Task directions. Find the line with "Filling out and" in the entries below, then output every line from it down to the line with "For Cubot Max", exactly and with no pictures.

--- Input data Enclosed Below ---

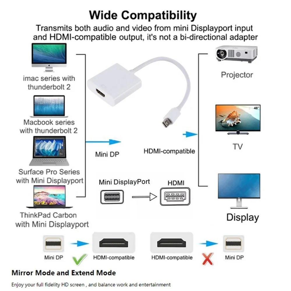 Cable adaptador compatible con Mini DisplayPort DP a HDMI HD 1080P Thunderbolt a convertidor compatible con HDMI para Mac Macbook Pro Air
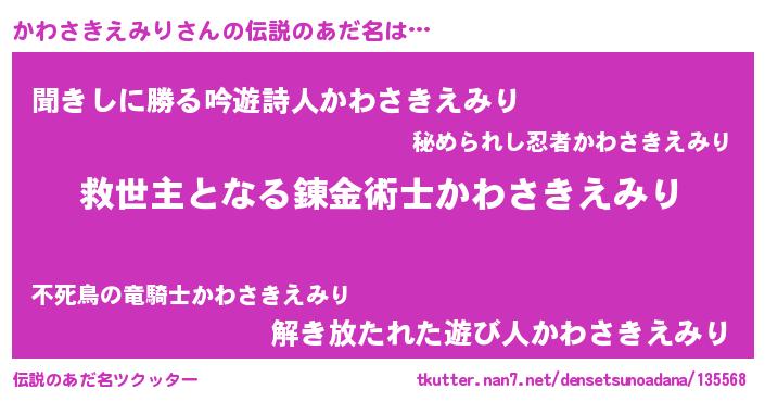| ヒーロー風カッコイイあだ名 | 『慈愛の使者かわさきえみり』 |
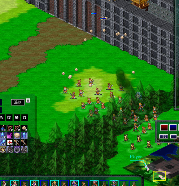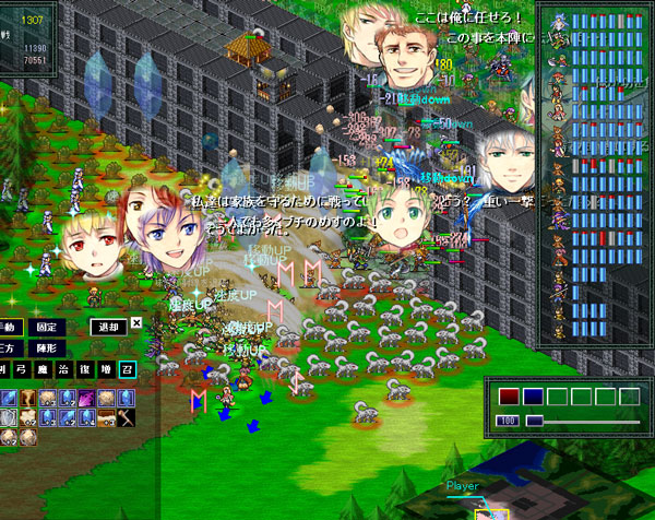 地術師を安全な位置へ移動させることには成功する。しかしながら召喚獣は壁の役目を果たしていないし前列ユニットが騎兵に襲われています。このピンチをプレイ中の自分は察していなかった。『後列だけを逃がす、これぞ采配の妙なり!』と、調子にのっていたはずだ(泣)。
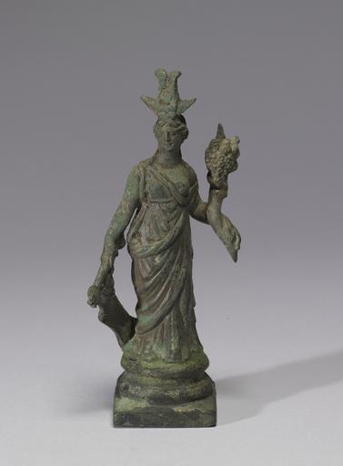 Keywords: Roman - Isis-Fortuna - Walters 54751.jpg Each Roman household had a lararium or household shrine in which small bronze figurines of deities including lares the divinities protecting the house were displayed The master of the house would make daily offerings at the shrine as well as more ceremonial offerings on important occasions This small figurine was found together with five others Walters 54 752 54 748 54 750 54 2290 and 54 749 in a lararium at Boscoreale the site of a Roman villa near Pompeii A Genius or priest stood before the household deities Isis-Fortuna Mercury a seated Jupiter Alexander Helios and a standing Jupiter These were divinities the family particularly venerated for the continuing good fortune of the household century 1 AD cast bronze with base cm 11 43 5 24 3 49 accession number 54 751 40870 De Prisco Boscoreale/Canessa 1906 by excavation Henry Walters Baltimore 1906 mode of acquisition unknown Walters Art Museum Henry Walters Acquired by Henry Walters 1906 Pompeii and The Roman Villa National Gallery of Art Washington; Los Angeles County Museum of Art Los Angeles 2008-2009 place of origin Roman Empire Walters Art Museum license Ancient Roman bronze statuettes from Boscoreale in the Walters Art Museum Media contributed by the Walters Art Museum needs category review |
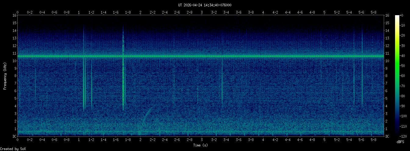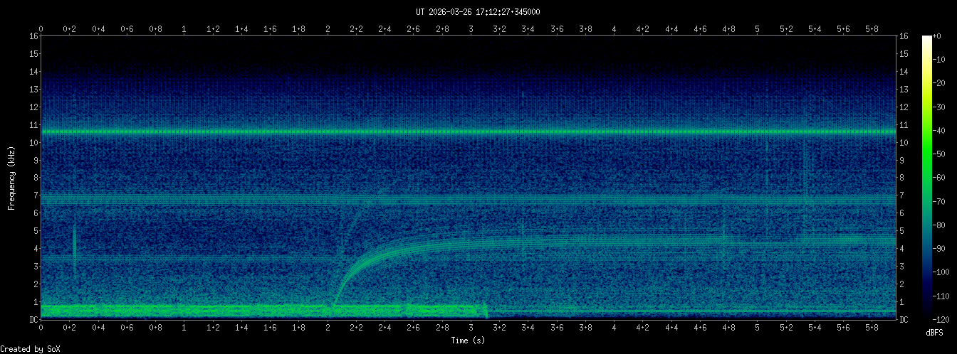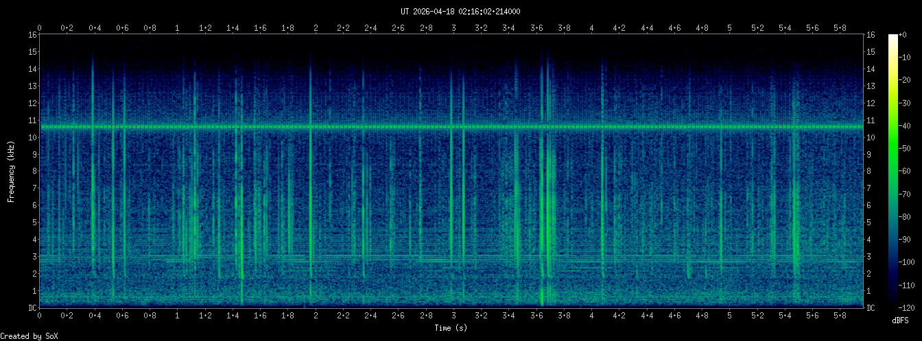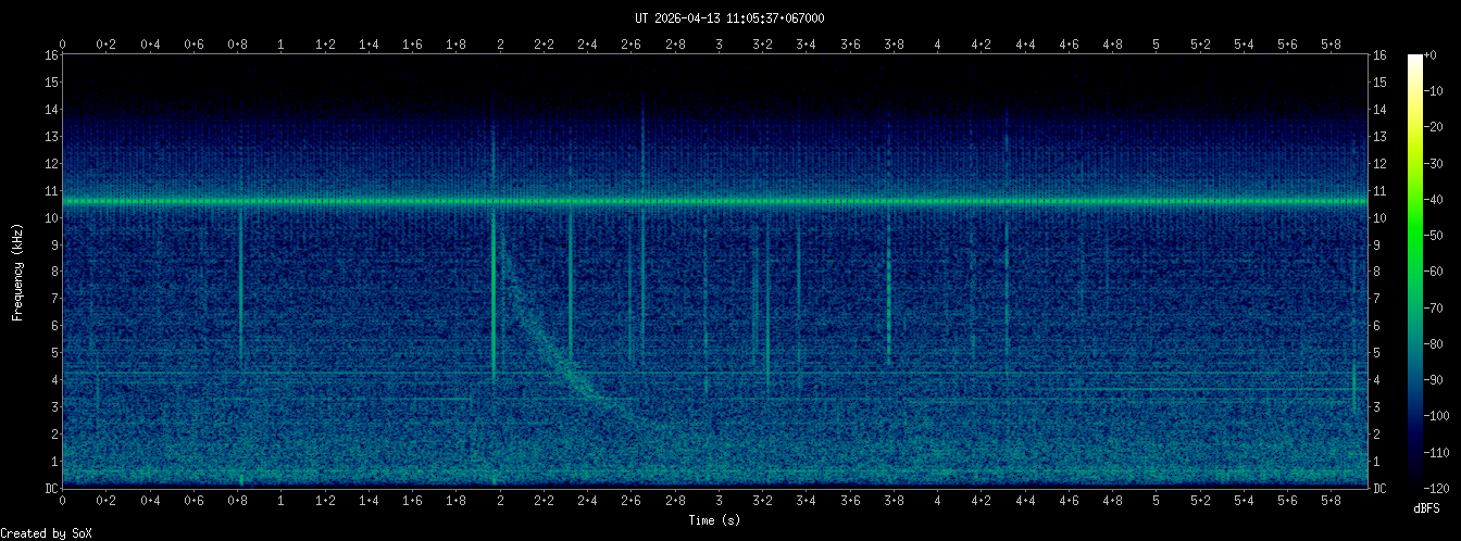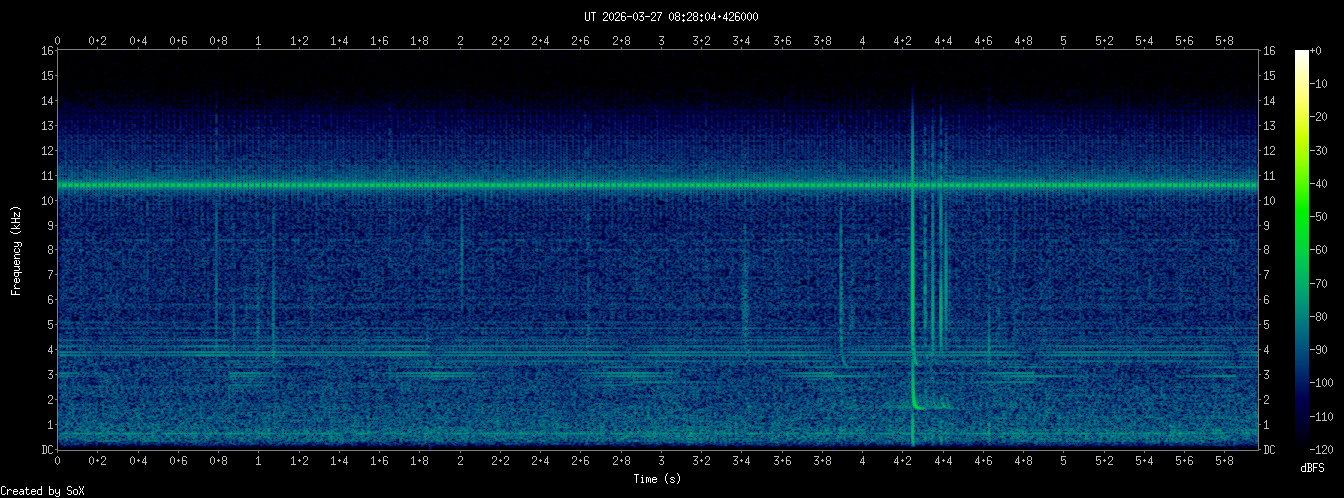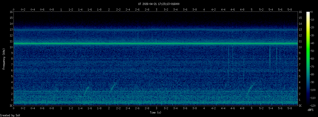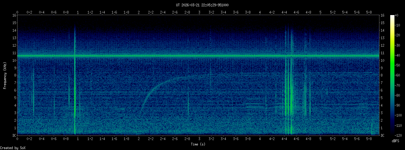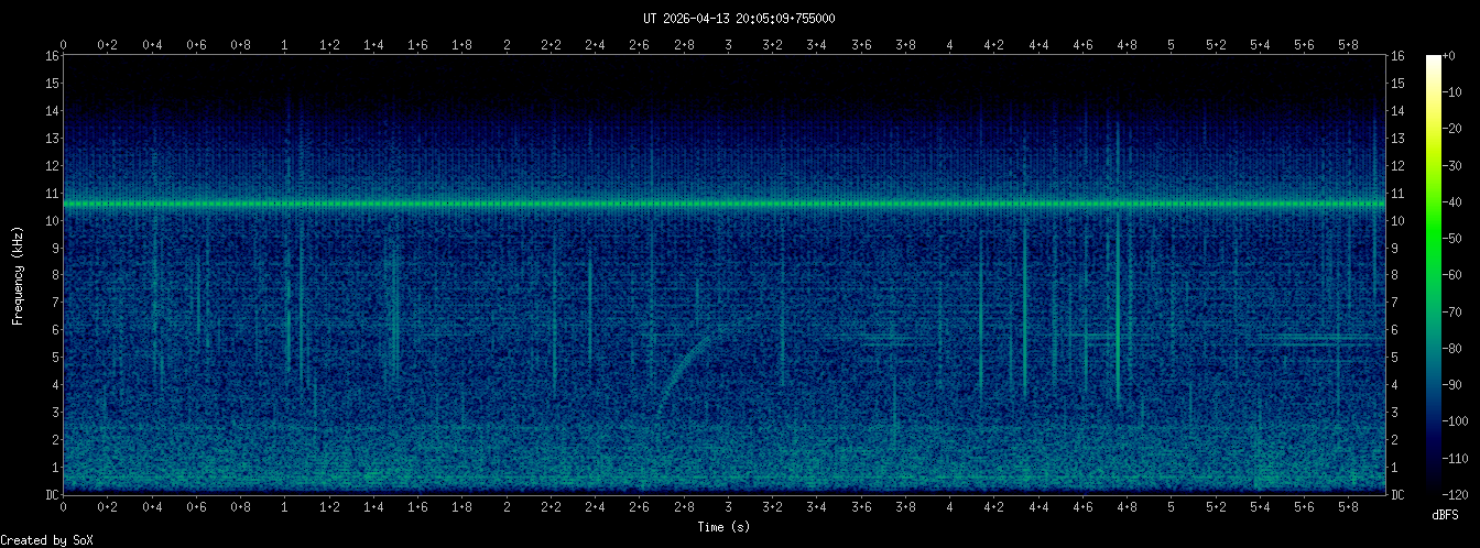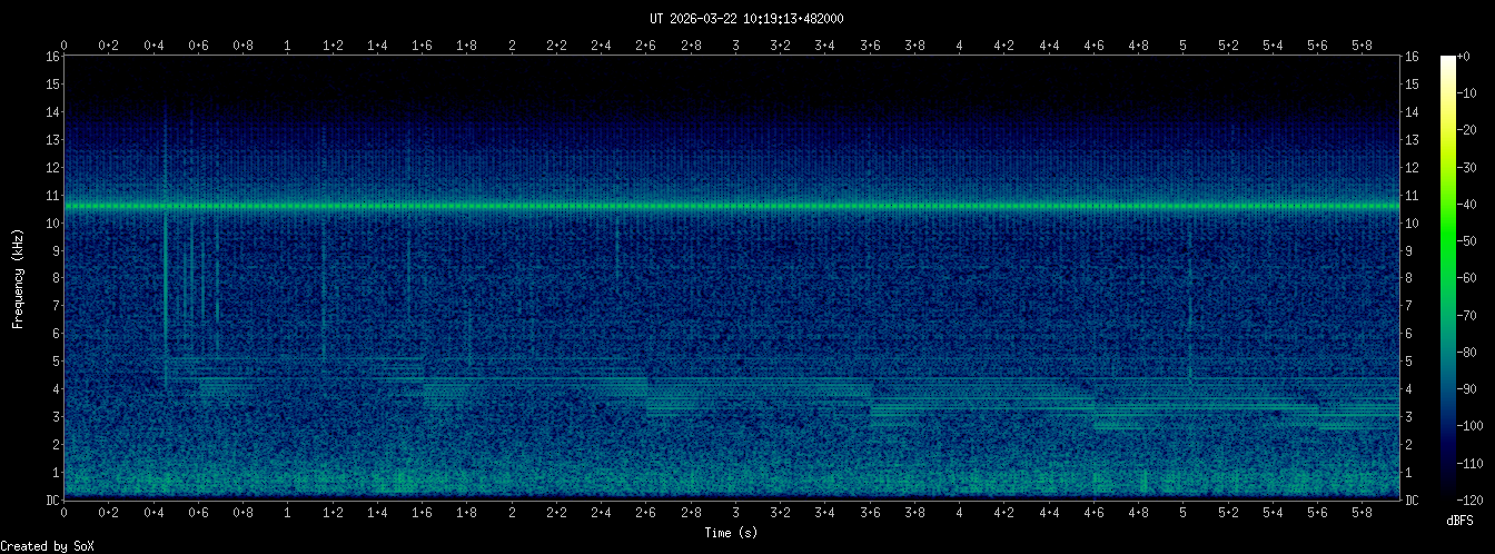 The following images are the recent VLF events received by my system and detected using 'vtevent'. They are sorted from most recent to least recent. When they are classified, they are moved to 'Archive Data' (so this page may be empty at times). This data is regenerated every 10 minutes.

--- End of Enclosed Input data ---
--- Input data Enclosed Below ---

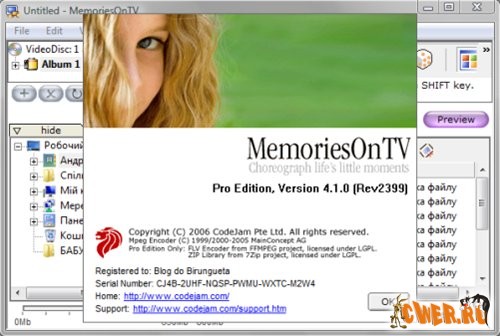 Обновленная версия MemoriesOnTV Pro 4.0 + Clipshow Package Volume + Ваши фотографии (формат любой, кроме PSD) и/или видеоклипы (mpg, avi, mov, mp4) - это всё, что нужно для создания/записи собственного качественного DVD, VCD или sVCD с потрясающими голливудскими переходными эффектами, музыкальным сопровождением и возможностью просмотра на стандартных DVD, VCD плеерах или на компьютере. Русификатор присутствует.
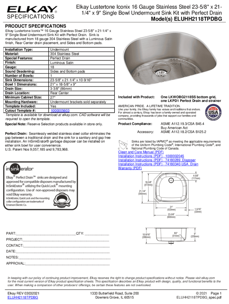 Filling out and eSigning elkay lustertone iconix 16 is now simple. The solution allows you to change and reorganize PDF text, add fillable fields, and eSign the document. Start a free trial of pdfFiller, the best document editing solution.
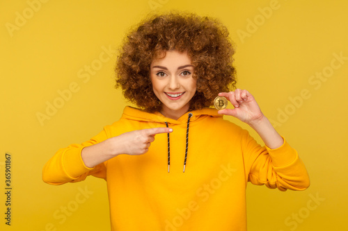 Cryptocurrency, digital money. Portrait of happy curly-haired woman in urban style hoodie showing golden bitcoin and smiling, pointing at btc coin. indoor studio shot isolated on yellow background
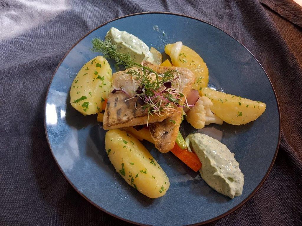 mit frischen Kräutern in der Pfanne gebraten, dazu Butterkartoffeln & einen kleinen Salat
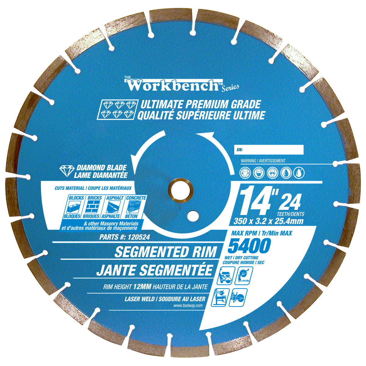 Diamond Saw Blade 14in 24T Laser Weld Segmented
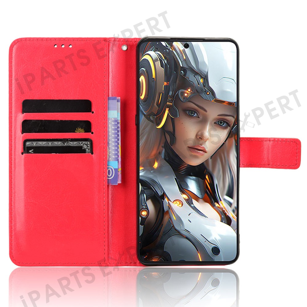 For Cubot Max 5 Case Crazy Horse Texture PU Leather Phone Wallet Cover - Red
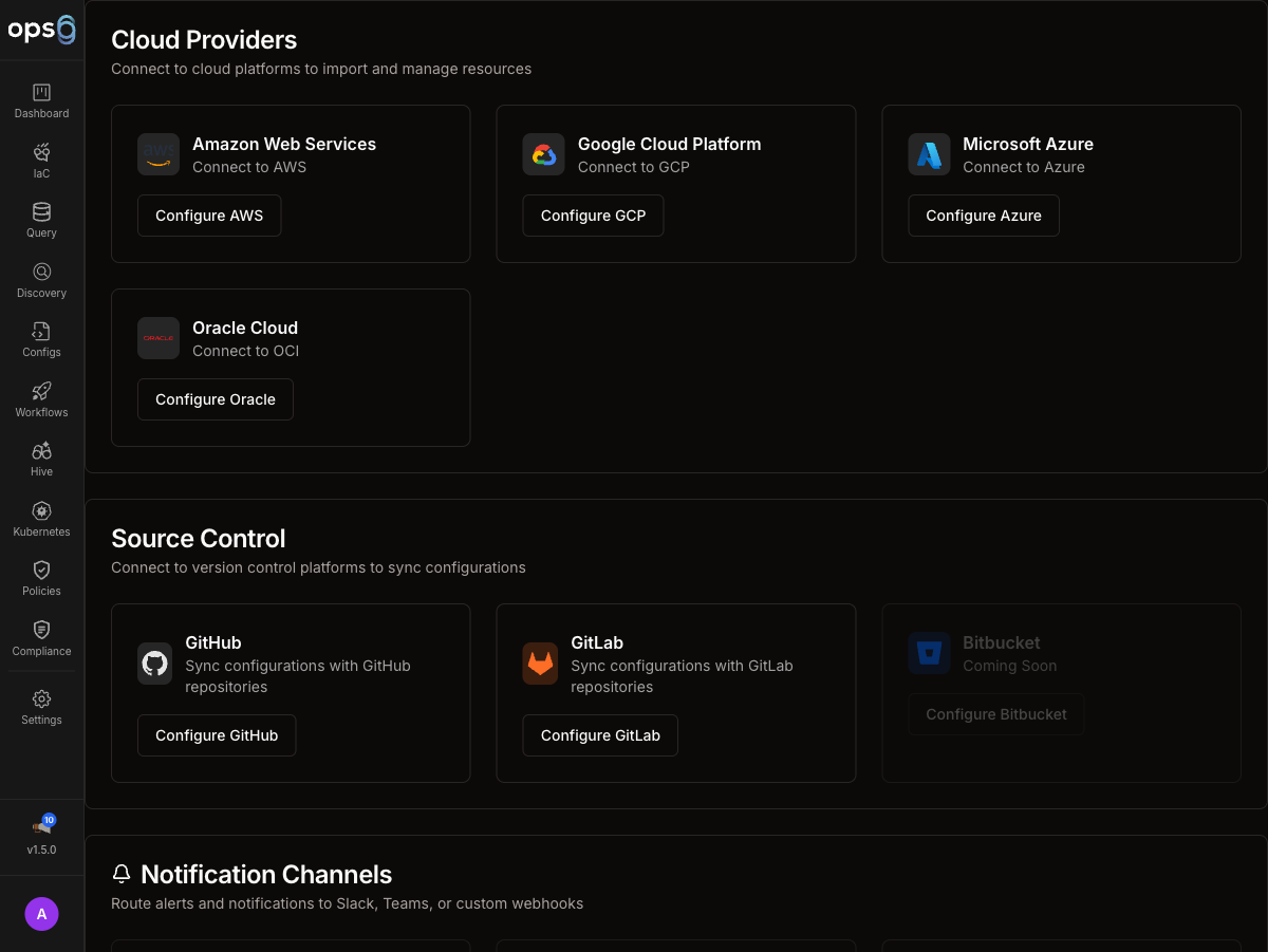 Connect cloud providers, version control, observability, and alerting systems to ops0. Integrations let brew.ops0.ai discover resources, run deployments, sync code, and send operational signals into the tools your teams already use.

--- End of Enclosed Input data ---

Output.
 Filling out and eSigning elkay lustertone iconix 16 is now simple. The solution allows you to change and reorganize PDF text, add fillable fields, and eSign the document. Start a free trial of pdfFiller, the best document editing solution.
 Cryptocurrency, digital money. Portrait of happy curly-haired woman in urban style hoodie showing golden bitcoin and smiling, pointing at btc coin. indoor studio shot isolated on yellow background
 mit frischen Kräutern in der Pfanne gebraten, dazu Butterkartoffeln & einen kleinen Salat
 Diamond Saw Blade 14in 24T Laser Weld Segmented
 For Cubot Max 5 Case Crazy Horse Texture PU Leather Phone Wallet Cover - Red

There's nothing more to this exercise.